2. PERSONAL DATA SUBJECT TO PROCESSING
Following the navigation of the Site, we inform you that the Data Controllers will process your Personal Data, which may be - also depending on your decisions on how to use the Services - an identifier such as your name and surname, an identification number, an online identifier or one or more elements representing your physical, physiological, cultural or social identity, suitable for making yourself identified or identifiable (hereinafter "Personal Data").
Failure to provide certain Personal Data may make it impossible for the website to provide its services. Users are responsible for any Personal Data of third parties obtained, published or shared through this website and confirm that they have the third party's consent to provide the Data to the Owner.
The Personal Data processed through the platform include the following:
a. Name, contact details and other Personal Information
In different sections of the Website, in particular those relating to the creation of a personal account and the subscription to the newsletter, you will be asked to enter information such as Email address, Password, name, surname, date of birth, gender.
b. Special categories of personal data
Some sections of the Website Platform include free fields where you can provide the Owners with certain information, which may contain Personal Information.
Given that these fields are free, you could use them to communicate (voluntarily or not) certain sensitive categories of Personal Data, such as data suitable to reveal racial or ethnic origin, political opinions, religious or philosophical convictions, union membership, genetic data, biometric data intended to uniquely identify a natural person, data relating to the health, sexual life or sexual orientation of the person.
The Data Controllers recommend not to provide such Personal Data unless it is strictly necessary.
Indeed, such special categories of Personal Data may be processed only with your explicit consent (given by flagging the relevant box in the form) and in compliance with the pro tempore regulations in force.
Therefore, should you decide to share such information, Data Controllers underline the importance of expressing your explicit consent to the processing of the special categories of Personal Data.
c. Data voluntarily provided by the User
As already mentioned above, in some parts of the Site you can enter text messages or information, visible to the Data Controllers, which may contain Personal Data of third parties.
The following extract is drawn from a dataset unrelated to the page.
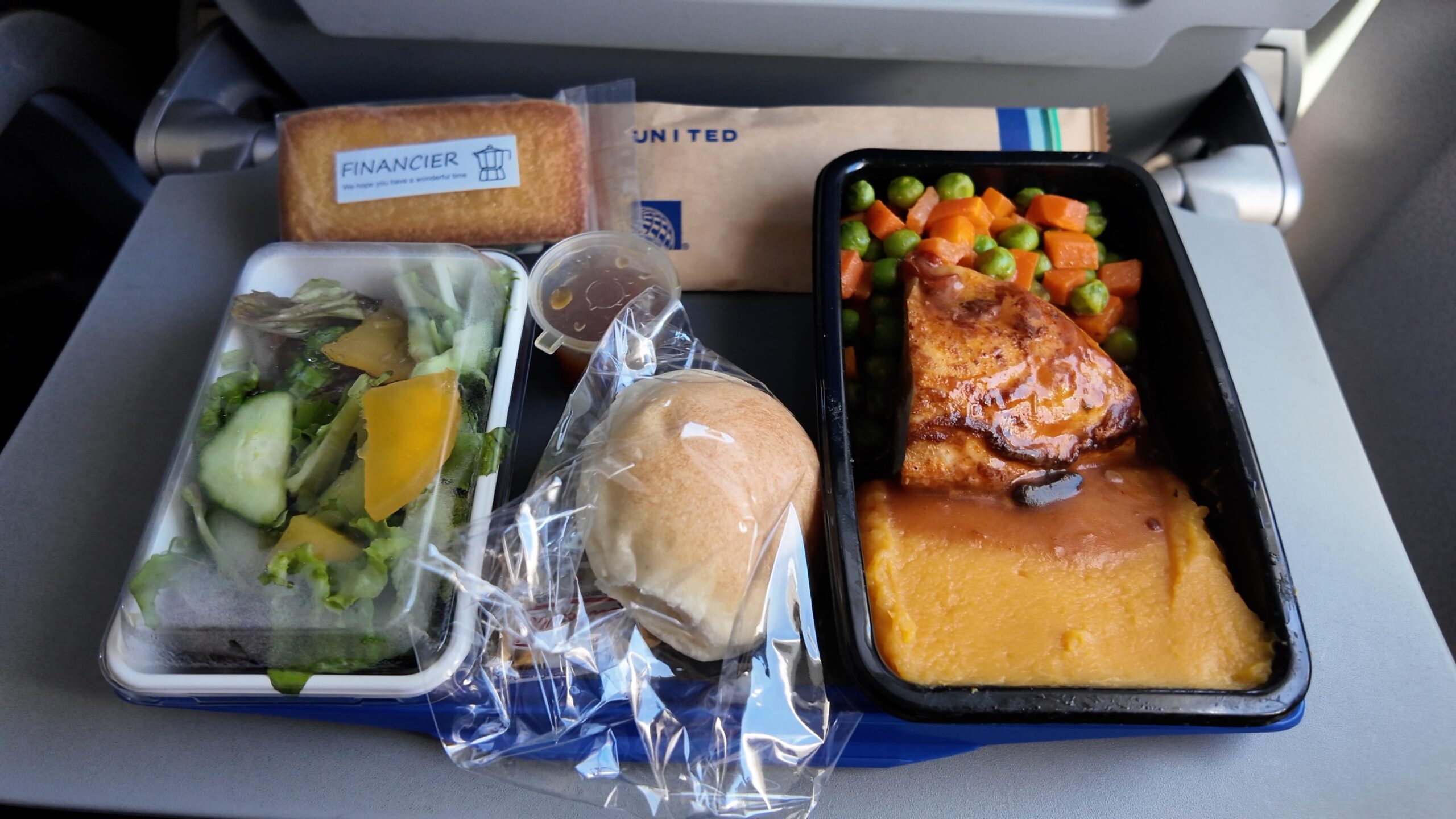 中国上空で食事が提供となりました。出発して約2時間後だったと思います。チキンを選択しました。お腹が空いていた事もあり美味しく頂きながら景色を見ていました。

In this case, you will assume the role of independent data controller, assuming all consequent legal obligations and liability. You accordingly grant full indemnity against all complaints, claims, or requests for damages in consequence of the processing, etc. that the data controller might receive from the third parties whose personal data were processed through your use of the Services in violation of applicable laws and regulations governing the protection of personal data.
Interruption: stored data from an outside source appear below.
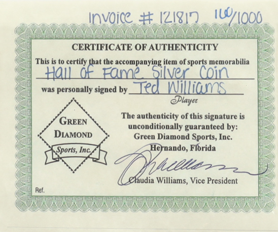 The autograph(s) includes an official Ted Williams pro player hologram for authenticity purposes.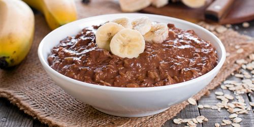 Chokladgröt med banan är en riktig önskefrukost. Toppa med yoghurt eller mandelmjölk och du kommer stå dig hela förmiddagen.
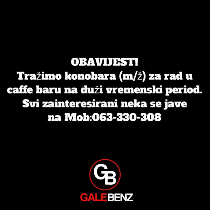 Naslovnica Obavijesti/ Najave Gale Benz: Tražimo konobara/icu za rad u caffe baru Obavijesti/ NajaveOglasi Gale Benz: Tražimo konobara/icu za rad u caffe baru Objavio TC - 9. rujna 2025. Tražimo konobara (m/ž) za rad u caffe baru na duže razdoblje. Zainteresirani se mogu javiti na broj mobitela: 063 330 308. Galebenz VEZANI ČLANCIVIŠE OD AUTORA Tomislavgrad: Pronađena osobna iskaznica Najava: Zakazana 23. sjednica Skupštine HBŽ Objavljeni javni pozivi za razvoj turizma u FBiH Međunarodna nagrada Luciji Zorić 19. travnja 2026. Pronađen ključ ispred Franjevačkog samostana u Tomislavgradu 19. travnja 2026. Matica hrvatska Travnik ustanovljuje nagradu „Ivo Andrić“ 17. travnja 2026. Učenici Srednje glazbene škole Tomislavgrad briljirali na Federalnom natjecanju u Srebreniku 17. travnja 2026. U Livnu će se graditi nova bolnica, investicija vrijedna 48 milijuna... 17. travnja 2026.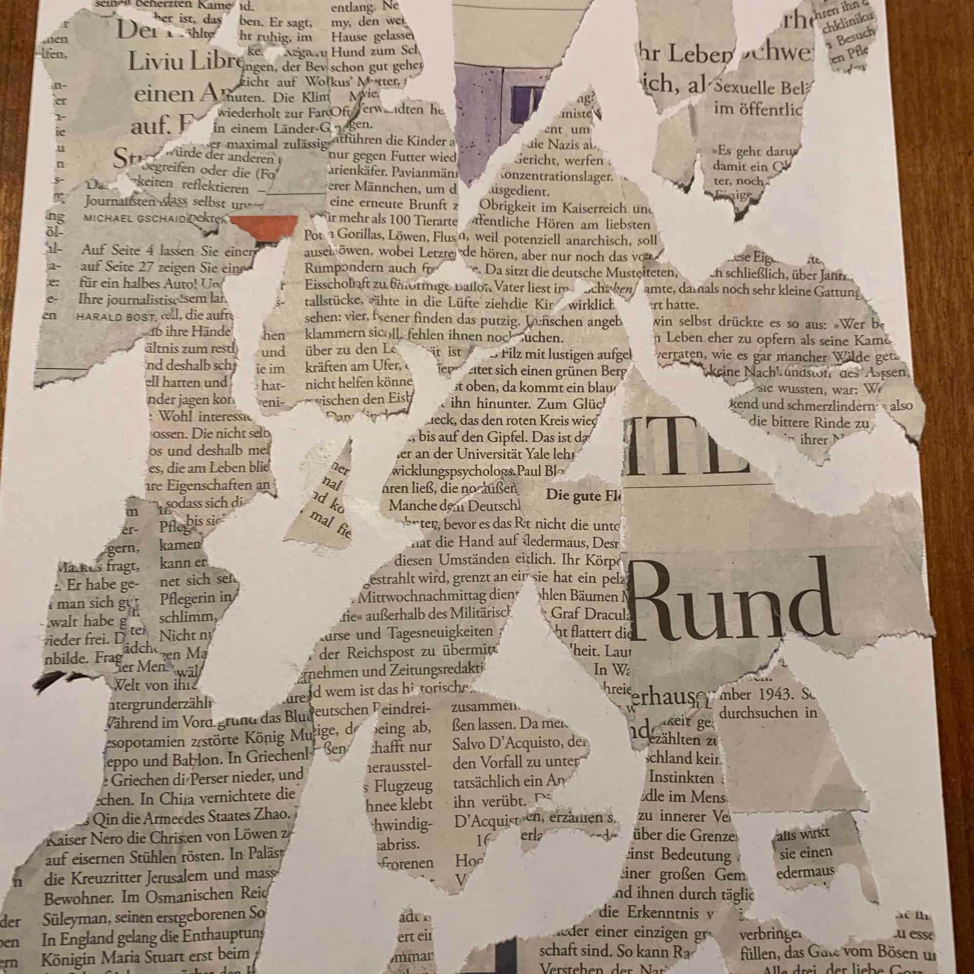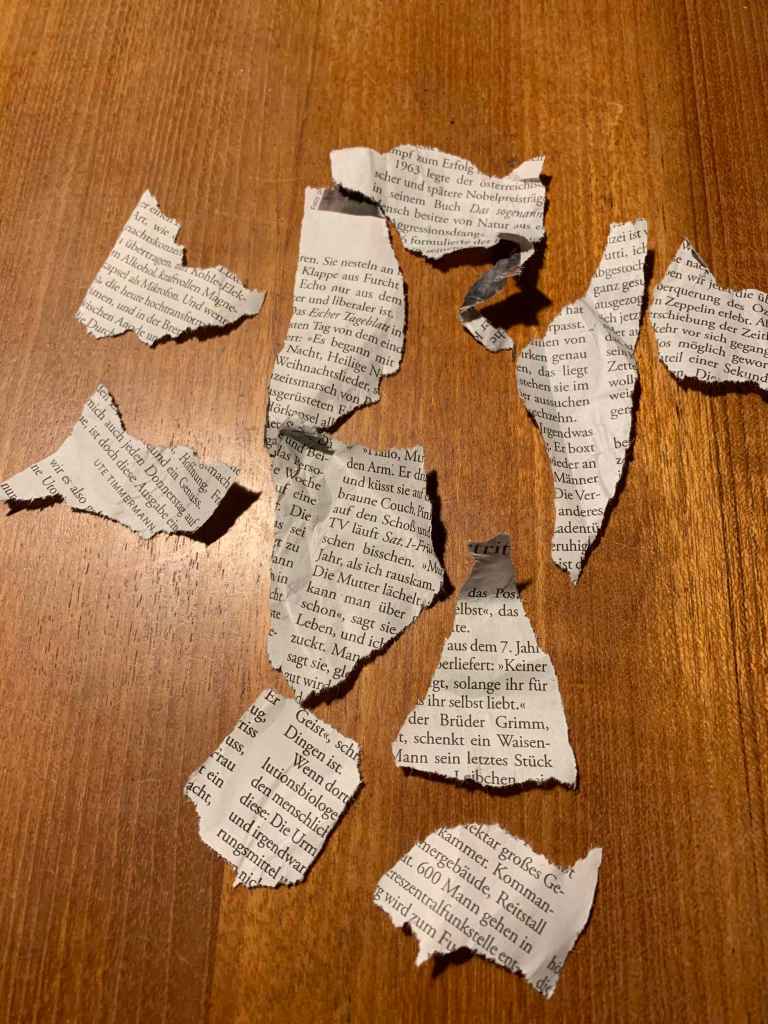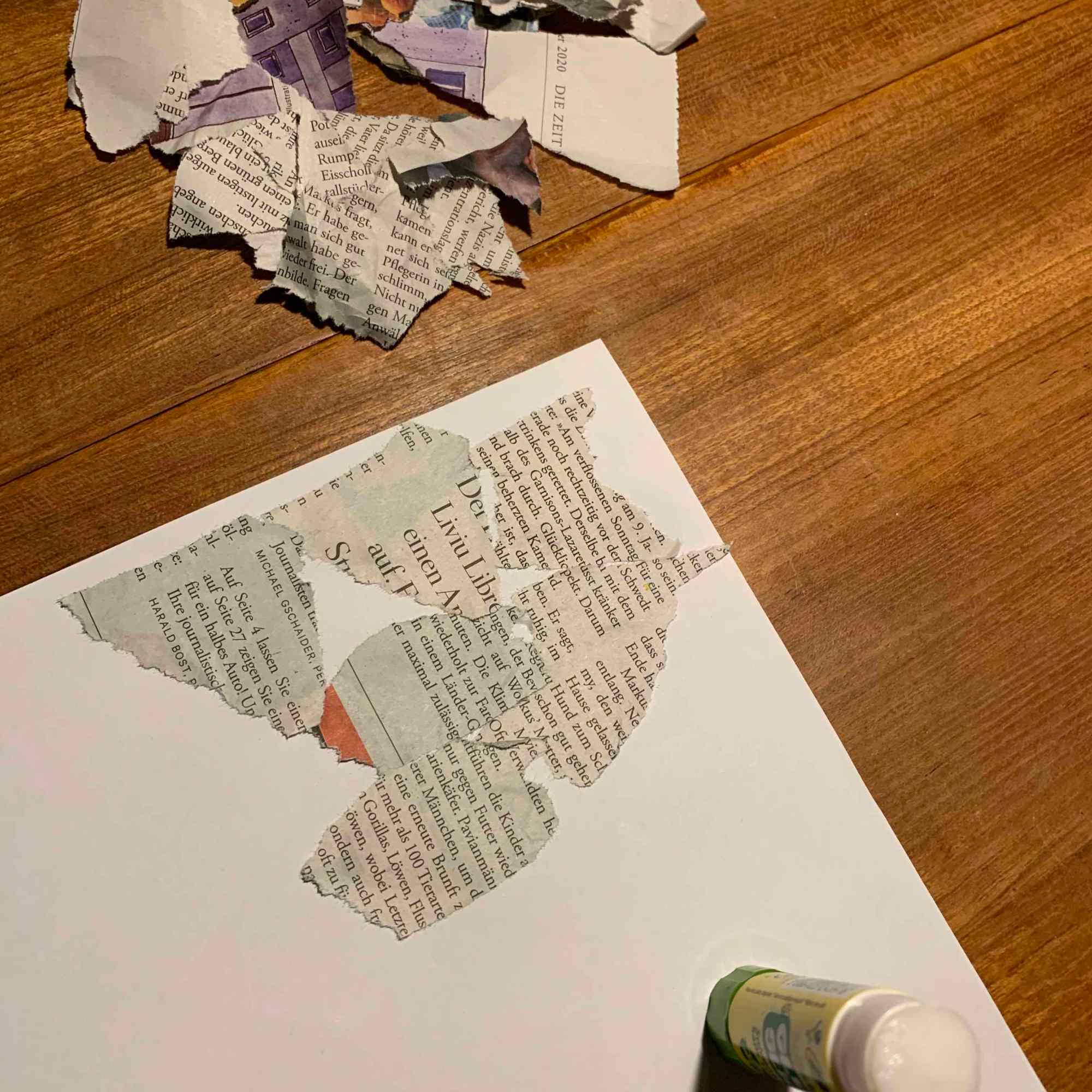 Wir kleben die Fetzen nach Gutdünken auf ein Blatt Papier.

In any event, if you provide or otherwise process the personal data of third parties while using the Site, you hereby guarantee - assuming all consequent liability - that this particular instance of processing is based on your first having received the third party's consent to processing of the information that regards him or her.
d. Navigation data
The IT systems and software procedures used to operate the platform gather, during their normal operation, some Personal Data whose transmission is needed while using Internet communication protocols. This information is not collected to be associated with identified parties; however, by their very nature, through processing and association with data held by third parties, they may involve the identification of Users. This category of Personal Information includes IP addresses, or domain names of computers used by Users who connect to the Site, the URI (uniform resource identifier) of the resources requested, the time of the request, the method used in submitting the request, the size of the file obtained in response, the numerical code indicating the status of the response from the server (successful, error, etc.) and other parameters regarding the operating system and computer framework of the User.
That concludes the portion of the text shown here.